The probability density function of the normal distribution, first derived by De Moivre and 200 years later by both Gauss and Laplace independently, is often called the <b>bell curve</b> because of its characteristic shape (see KDE below). Ahead the PDF (probability distribution function) and CDF (cumulative distribution function) as functios of the mean ($\mu$) and variance ($\sigma^2$):

$$\begin{align} PDF = \frac{1}{\sigma\sqrt{2\pi}}e^{\frac{1}{2}(\frac{x-\mu}{\sigma})^2} \end{align}$$

$$ CDF = \frac{1}{2}[1+erf(\frac{x-\mu}{\sigma\sqrt{2}})] $$

The normal distributions <i>occurs often in nature</i>. For example, it describes the commonly occurring distribution of samples influenced by a large number of tiny, random disturbances, each with its own unique distribution, being important in <i>statistics, often used in the natural and social sciences</i> to <b>represent real-valued random variables</b> whose <b>distributions are not known</b>.

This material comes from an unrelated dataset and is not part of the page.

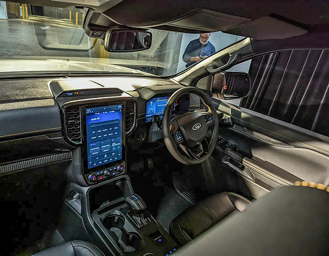 Nội thất Ford Ranger thế hệ mới phiên bản V6 được trang bị màn hình giải trí trung tâm đặt dọc kích thước 12 inch. Hệ thống ra lệnh bằng giọng nói SYNC4. Màn hình hỗ trợ lái kỹ thuật số. Nâng cấp phanh tay điện tử và các chế độ lái được chuyển sang điều khiển bằng núm xoay.

[1] https://en.wikipedia.org/wiki/Normal_distribution

[2] https://numpy.org/doc/1.18/reference/random/generated/numpy.random.Generator.normal.html#numpy.random.Generator.normal

In [13]:
def normal_dist(loc, sigma, size):
    x = np.random.normal(loc, sigma, size)
    
    fig, (ax1, ax2) = plt.subplots(1, 2, figsize=(10,6))
    
    ax1.hist(x, bins=20, color='blue', alpha=.5)
    ax1.set_ylabel('Sample Values')
    ax1.set_title('Normal Distribution')
    
    sns.distplot(x, ax=ax2, bins=20, color='blue')
    ax2.set_ylabel('Probability')
    ax2.set_title('Normal Distribution + KDE')
    
    plt.draw()
    
interact(normal_dist, loc=(-2,2,1), sigma=(0,5,0.05), size=(10,500,10))

interactive(children=(IntSlider(value=0, description='loc', max=2, min=-2), FloatSlider(value=2.0, description…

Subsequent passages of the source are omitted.